**Problem requirements:**
Leave out the pictures and repeat every record exactly.

**Records provided:**
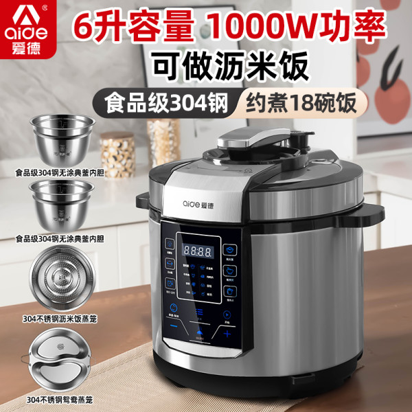 爱德 6L电压力锅家用大容量316不锈钢内胆304智能4~8人多功能饭煲
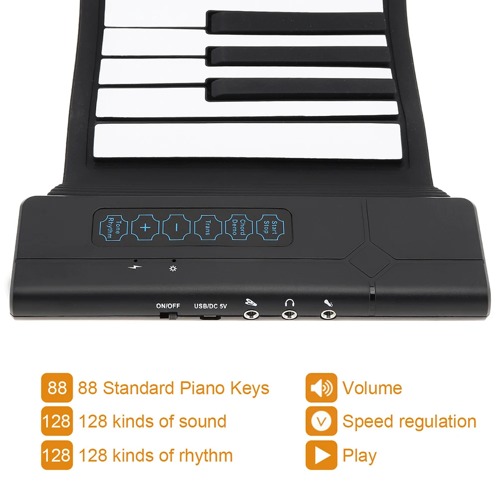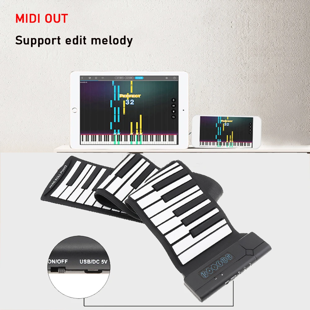 Складная Мягкая силиконовая клавиатура с USB 6188 клавишами, складной гибкое пианино, электронный пианино
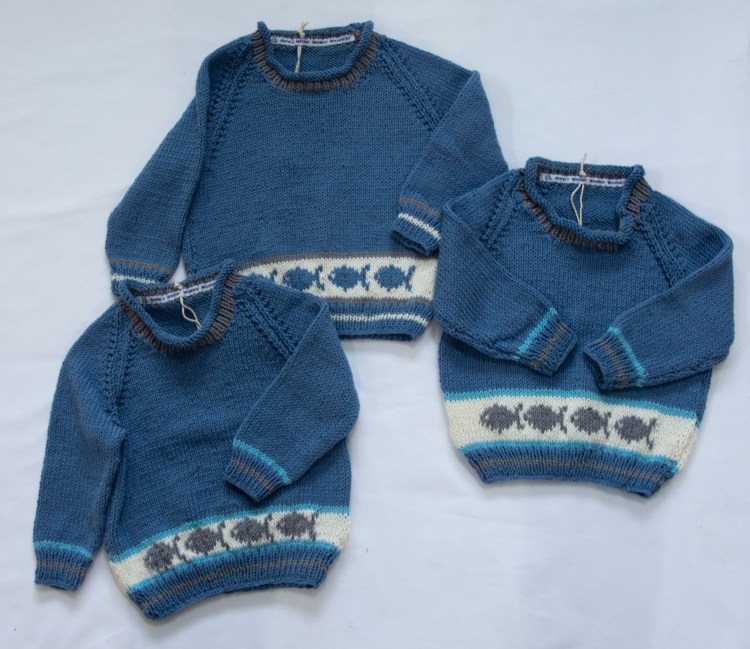 The Fish Collection comes in a luxury cotton/ wool blend yarn.You can choose blue or silver fish!
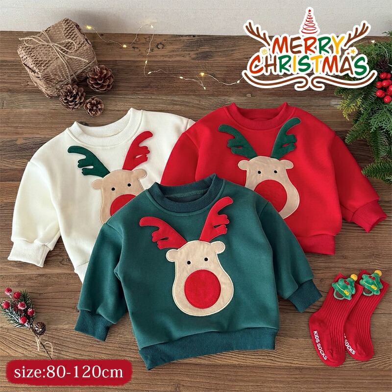 クリスマス 長袖 トレーナー キッズ トナカイ 衣装 スウェット パーカー 新生児 女の子 男の子 ベビー服 子供服 秋冬 寒さ対策 パーティー 可愛くインスタ映え コスチューム トップス 記念写真
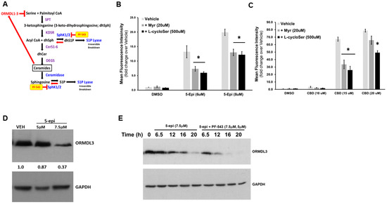 5-epi stimulates de novo synthesis of Cer through depletion of ORMDL3. (A) SPT activity, the first step in the de novo synthesis pathway, is regulated by a family of small, ER-resident, membrane-bound proteins, the orosomucoid-like proteins (ORMDL1-3). ORMDL proteins bind to and inhibit SPT activity. Importantly, Cer can bind to the ORDML proteins and enhance the interaction of ORMDL proteins with SPT. Thus, Cer acts as a feedback sensor to regulate levels of its own synthesis. (B) DLD-1 cells were treated with the indicated concentrations of 5-epi for 24 h in the presence and absence of the inhibitors of de novo Cer synthesis, myriocin (Myr), and L-cycloserine (L-cycloSer). EctoCRT production was determined by flow cytometry. (n = 3). (C) DLD-1 cells were treated with the indicated concentrations of CBD for 24 h in the presence and absence of the inhibitors of de novo Cer synthesis, myriocin (Myr) and L-cycloserine (L-cycloSer). EctoCRT production was determined by flow cytometry. (n = 3). (D) DLD-1 cells were treated with the indicated concentrations of 5-epi for 24 h. Levels of ORMDL3 and GAPDH were determined by Western blot analysis. (n = 3). (E) DLD-1 cells were treated with the indicated concentrations of 5-epi in the presence or absence of PF-543 at various time points. Levels of ORMDL3 and GAPDH were determined by Western blot analysis on separate blots. (n = 3) (* = p < 0.05).

**Finished task:**
 爱德 6L电压力锅家用大容量316不锈钢内胆304智能4~8人多功能饭煲
 Складная Мягкая силиконовая клавиатура с USB 6188 клавишами, складной гибкое пианино, электронный пианино
 The Fish Collection comes in a luxury cotton/ wool blend yarn.You can choose blue or silver fish!
 クリスマス 長袖 トレーナー キッズ トナカイ 衣装 スウェット パーカー 新生児 女の子 男の子 ベビー服 子供服 秋冬 寒さ対策 パーティー 可愛くインスタ映え コスチューム トップス 記念写真
 5-epi stimulates de novo synthesis of Cer through depletion of ORMDL3. (A) SPT activity, the first step in the de novo synthesis pathway, is regulated by a family of small, ER-resident, membrane-bound proteins, the orosomucoid-like proteins (ORMDL1-3). ORMDL proteins bind to and inhibit SPT activity. Importantly, Cer can bind to the ORDML proteins and enhance the interaction of ORMDL proteins with SPT. Thus, Cer acts as a feedback sensor to regulate levels of its own synthesis. (B) DLD-1 cells were treated with the indicated concentrations of 5-epi for 24 h in the presence and absence of the inhibitors of de novo Cer synthesis, myriocin (Myr), and L-cycloserine (L-cycloSer). EctoCRT production was determined by flow cytometry. (n = 3). (C) DLD-1 cells were treated with the indicated concentrations of CBD for 24 h in the presence and absence of the inhibitors of de novo Cer synthesis, myriocin (Myr) and L-cycloserine (L-cycloSer). EctoCRT production was determined by flow cytometry. (n = 3). (D) DLD-1 cells were treated with the indicated concentrations of 5-epi for 24 h. Levels of ORMDL3 and GAPDH were determined by Western blot analysis. (n = 3). (E) DLD-1 cells were treated with the indicated concentrations of 5-epi in the presence or absence of PF-543 at various time points. Levels of ORMDL3 and GAPDH were determined by Western blot analysis on separate blots. (n = 3) (* = p < 0.05).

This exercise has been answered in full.